Yes the 998 has coils and leads like the 916 etc. No noise or rumbling from the engine. When the lh cover was pulled off the flywheel came with it. Always stick plenty of Loctite 270 on the nut now. I looked into fitting a large Nordlock washer under the nut but felt the nut was too hard for the washer serrations to bite into. It may be worth checking the connector for the ign pick up for bad contacts etc.
L you have a pm, not sure if the you tube link was for a M357T or a M357TV2 - they each have different pin outs, I have sent both of them with the plug, pin and wire identifications so you can confirm its a M357T.

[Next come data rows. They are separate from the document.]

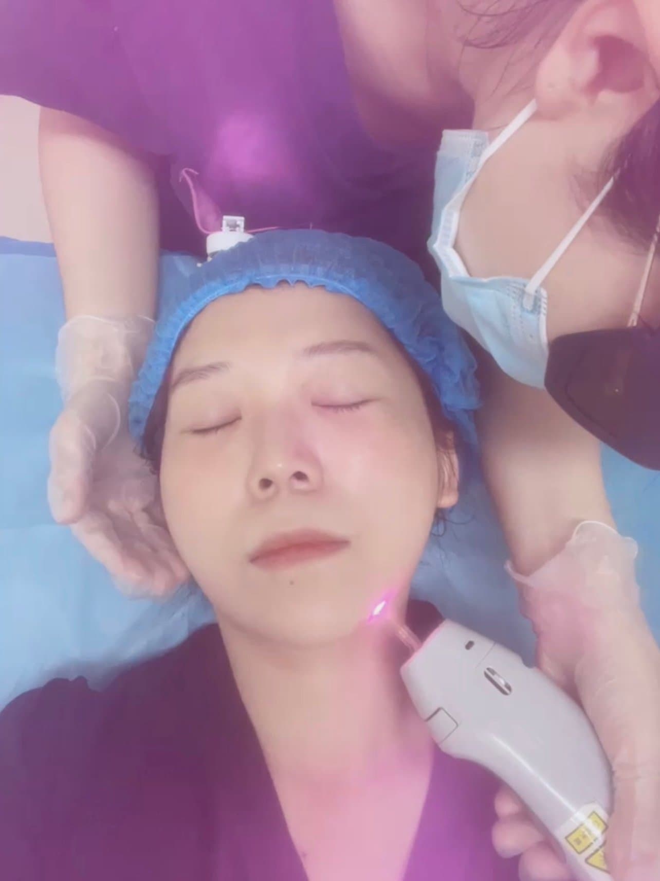 💎我来的这天是周六,虽然下着雨🌧️但是人还是很多,不仅有爱美的小姐姐小哥哥🧚♀️还有妈妈👩带着小女儿来治疗脸上的痣,等了一会以后就有护士带我去洁面,因为今天还要坐5Gmax的一个溶脂的功能,据说比较疼,所以还给我的下颌部位敷了麻药。
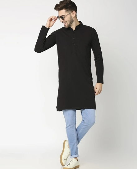 Flaunt a cool #OOTD with this Men's Solid Cotton Mid Kurta. Team this black kurta with a pair of chinos, smart loafers and a jacket for a fashionable look.
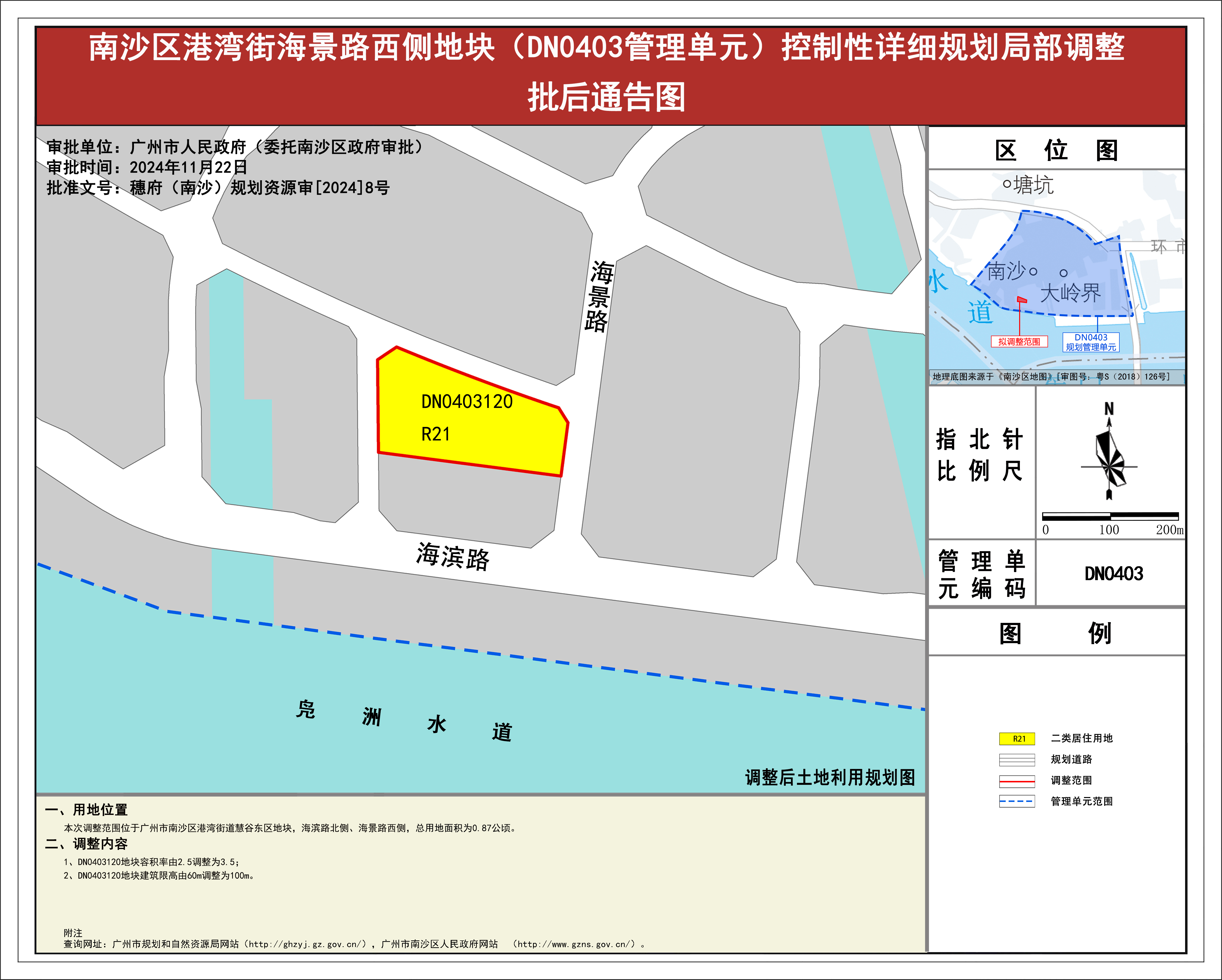 根据《广东省城市控制性详细规划管理条例》《广州市城乡规划程序规定》有关规定,《南沙区港湾街海景路西侧地块(DN0403规划管理单元)控制性详细规划局部调整》已完成规划技术审查、批前公示等程序,并经第一届广州市南沙新区自然资源规划与利用委员会(利用委)2024年第五次会议审议通过后,获广州市南沙区人民政府(受广州市人民政府委托)批准(穗府(南沙)规划资源审〔2024〕8号),自批准之日(2024年11月22日)起生效。
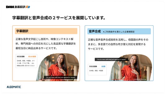 当社は2024年7月よりAI技術を活用した多言語動画翻訳サービス「DMM動画翻訳」の提供を開始、また8月にはゲーム特化の多言語翻訳サービス「DMM GAME翻訳」の提供を開始し、国内外のクリエイターや企業の国際展開の支援を強化しております。
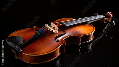 © coco, Fototapeta premium Violin with bow isolated on black background with clipping path, generative ai
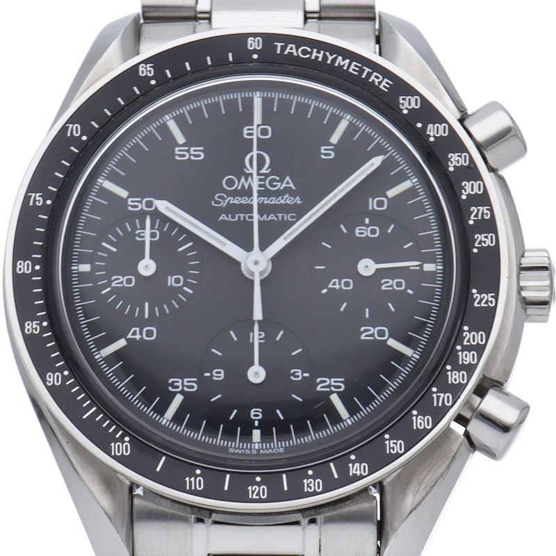オメガを代表する人気シリーズ「スピードマスター」。プラ風防を使用したレトロな雰囲気かつシンプルにまとまったデザインがスタイルを選ばずにご使用いただけます。
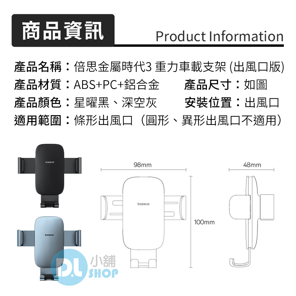 產品名稱:倍思金屬時代3 重力車載手機支架 (出風口版)
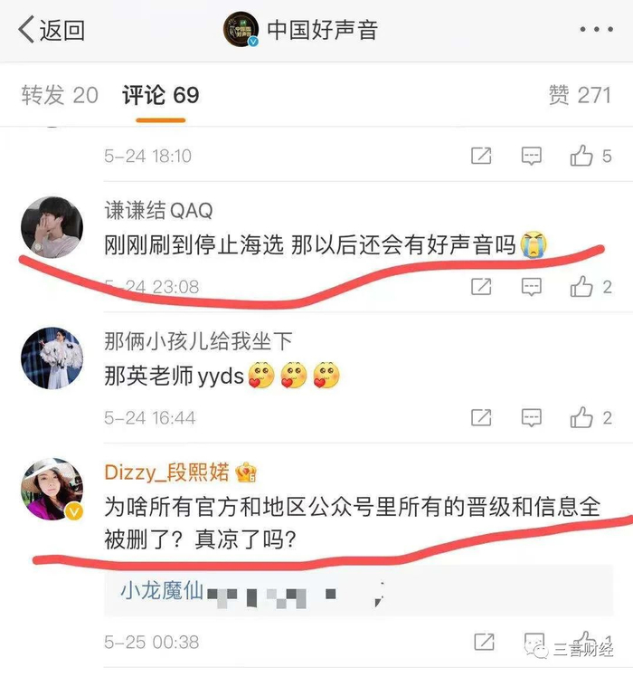 中国好声音官方微博的评论区,也有很多网友留言询问:“以后还有好声音吗?”、“为啥海选和晋级信息都被删了?”
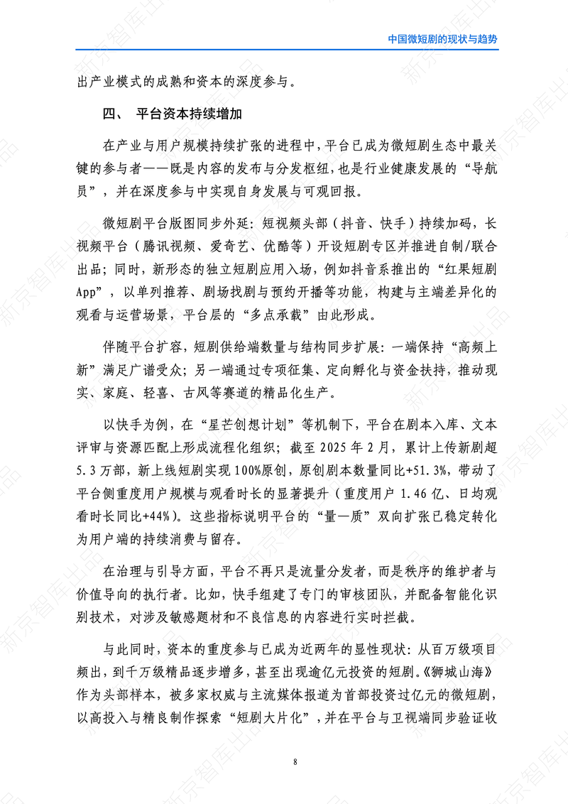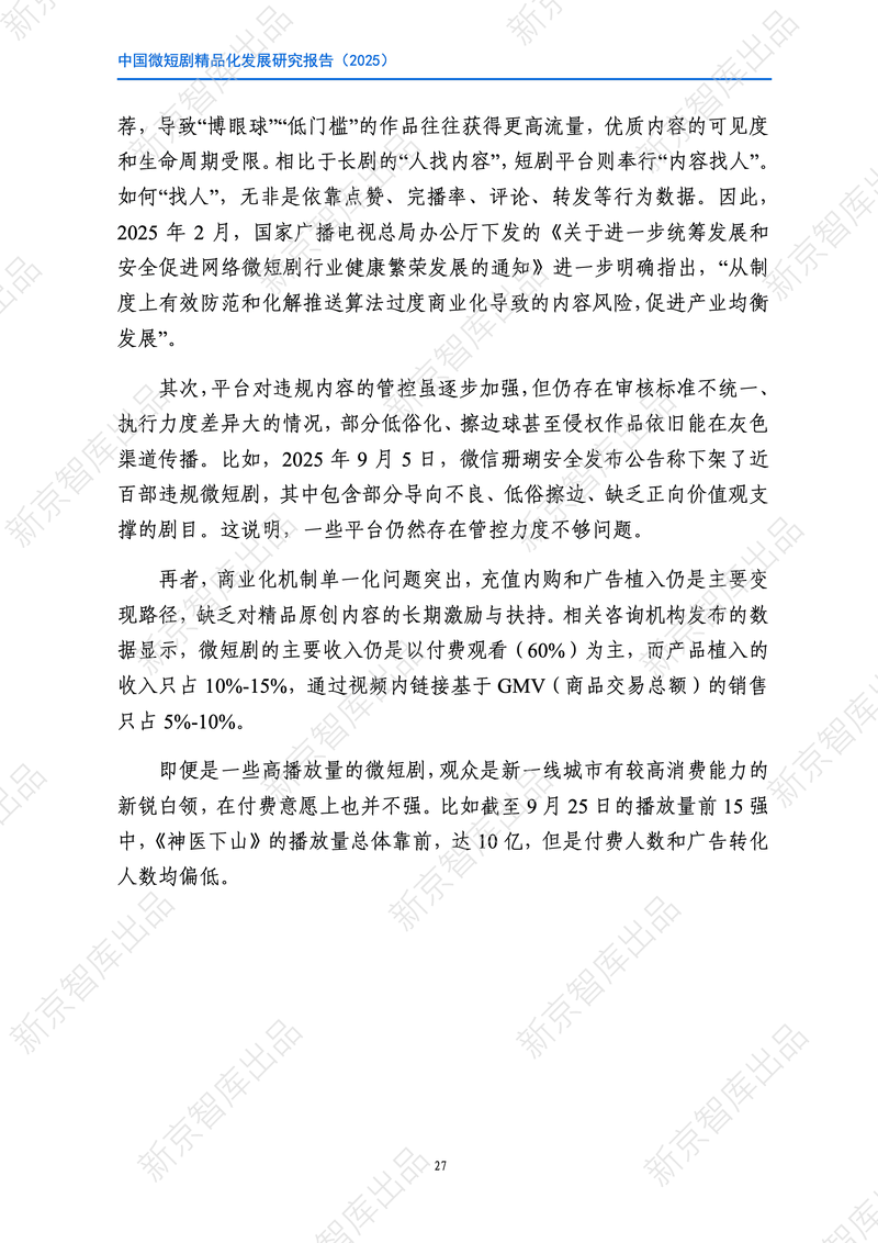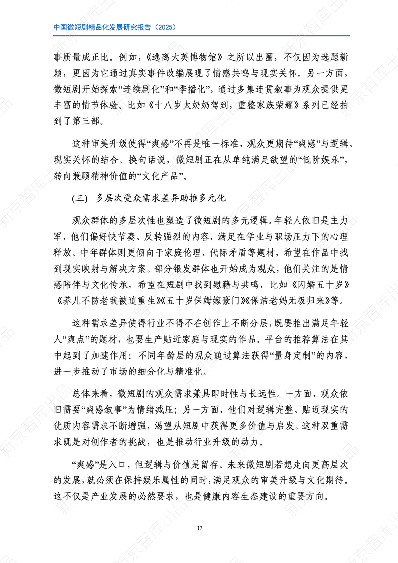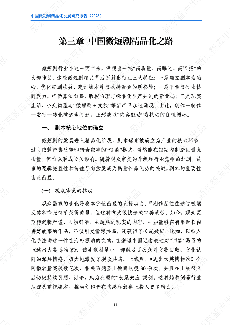 為了呈現(xiàn)當前微短劇的精品化發(fā)展趨勢,同時促使其可持續(xù)地健康發(fā)展,新京智庫發(fā)布《中國微短劇精品化發(fā)展研究報告(2025)》。報告的主要結(jié)論如下。
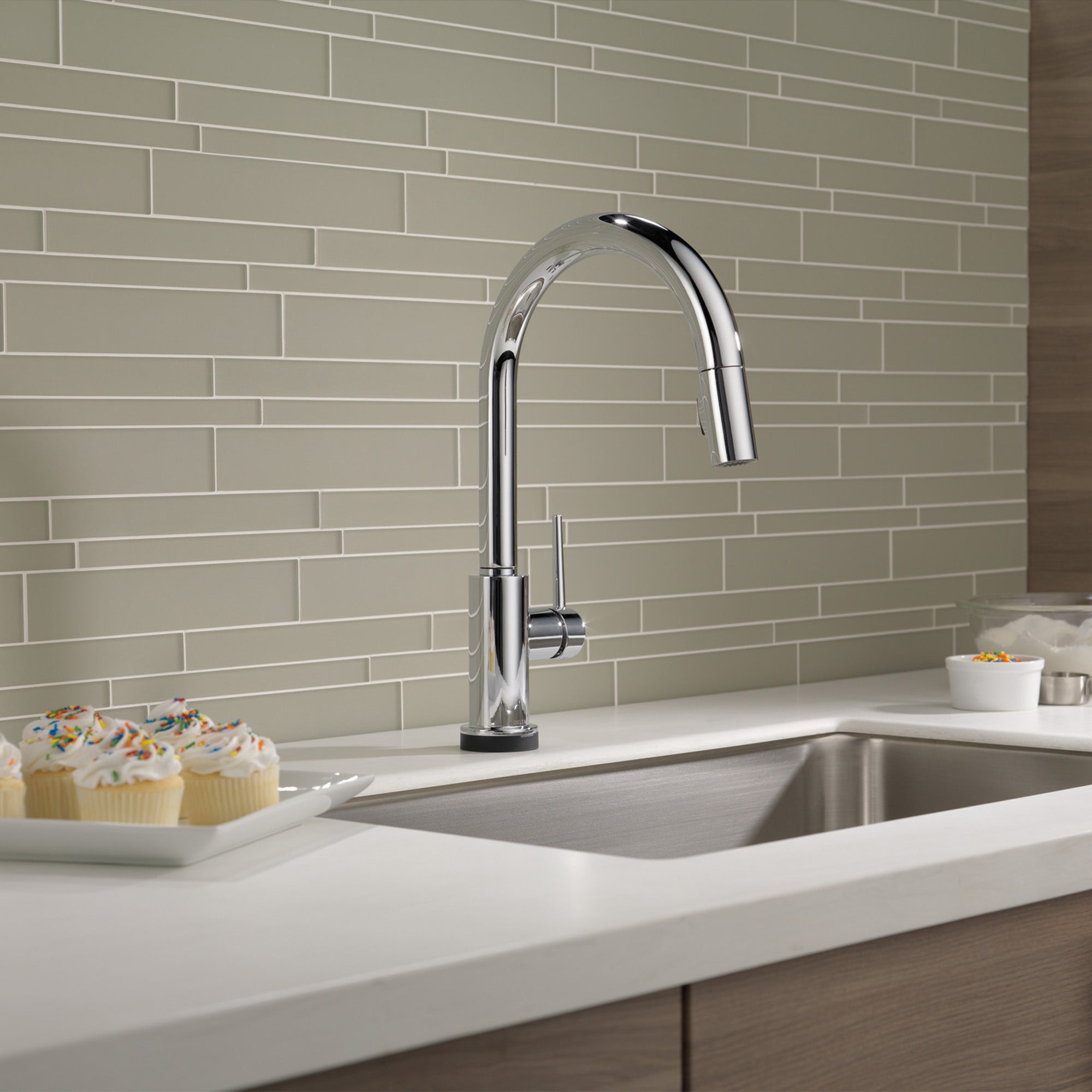 Sculptural yet smart, the Delta Trinsic VoiceIQ sets a new standard for the modern kitchen faucet, where luxury design meets cutting-edge connectivity and control. With it's clean gooseneck silhouette and premium finish options, this faucet makes a bold style statement. But the real innovation lies beneath: voice and touch activation mean you can start or stop water flow hands-free. The TempSense LED gives you a clear indication of water temperature and the industry leading DIAMOND™ seal ensures durability.
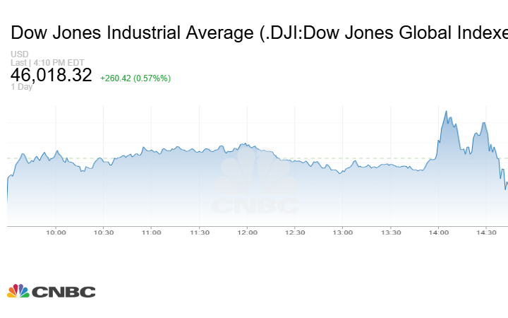 ارتفع مؤشر Dow Jones الصناعي بنحو 260.42 نقطة أو بنسبة 0.57% عند إغلاق تعاملات الأربعاء إلى 46018.32 نقطة.
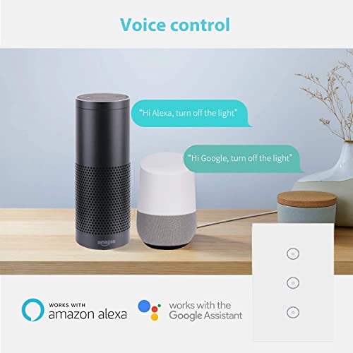 Interruttore luce compatibile Alexa: supporta il controllo vocale, l'interruttore a parete intelligente compatibile con Amazon Alexa, Echo Dot e Google Assistant. Accendi / spegni le luci con i comandi vocali. Salva te stesso lo sforzo del pulsante di stampa soprattutto quando le tue mani sono piene. La vita diventa più facile
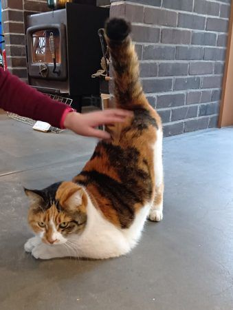 暖炉のそばでくつろぐ看板猫・キヨちゃん
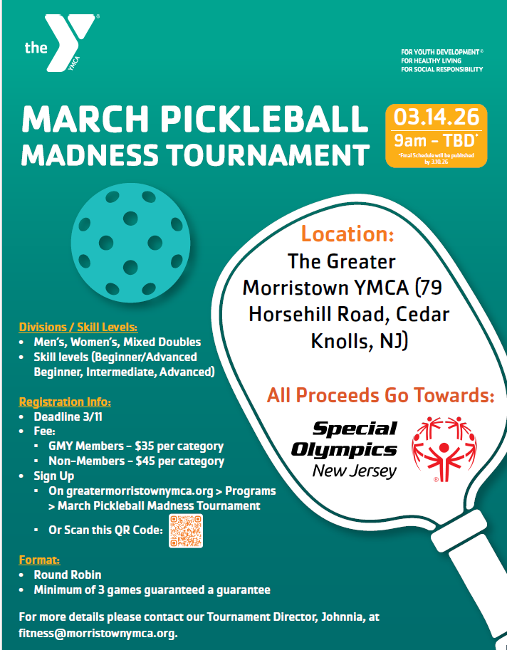 Tournament to be held Saturday, March 14, 2026 starting at 9:00am indoors at the GMYMCA.
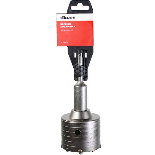 Коронка по кирпичу Derzhi, в сборе, 75 мм предназначена для использования с перфораторами, предусматривающими наличие патрона SDS-plus. Данная принадлежность служит для осуществления сверлильных работ в кирпичных основаниях, и, в частности, - создания довольно глубоких отверстий соответствующего диаметра (75 мм). В качестве рабочего сегмента в инструменте выступают специальные резцы, выполненные из карбида вольфрама и закреплённые на корпусе при помощи высокотемпературного припоя. Конструкцией предусмотрено также центрирующее сверло с твёрдосплавным наконечником, которое позволяет повысить точность сверления и облегчить вхождение в материал. Корпус коронки и хвостовика изготовлен из прочной легированной хромом стали 40Cr, отличающейся весьма высокой износоустойчивостью. В комплекте поставляется коронка с посадочным размером М22 и держатель с хвостовиком SDS-plus.Характеристики

Denzil (and others) Thank you so much for your help. She's running beautifully now. I replaced the fuel filter (it needed to be done anyway, and I heard that old ones can cause pumps to put unnecessarily heavy load on the circuitry. I also soldered the wires from the alarm bypass (thanks again, Denzil - these were the wires I'd previously spun together, but they're now soldered, taped and cosy in black heat shrink. Finally, I re-seated the ECU and cleaned up all contacts, including ECU earth. What I found was that the lower ECU clip that holds the clamp in place had become brittle and broken off. Thankfully, I found it possible to tie-wrap the clamp so that it can't move. Last week, when I first rode her again, I mentioned she didn't feel as fast as I remembered. Of course, with the misfire, I wasn't riding above 7 or 8k (much like the Hypermotard I have). Well tonight, I was pleasantly reminded of the top end that starts at 9k and then goes banzai. Welcome back, Honey!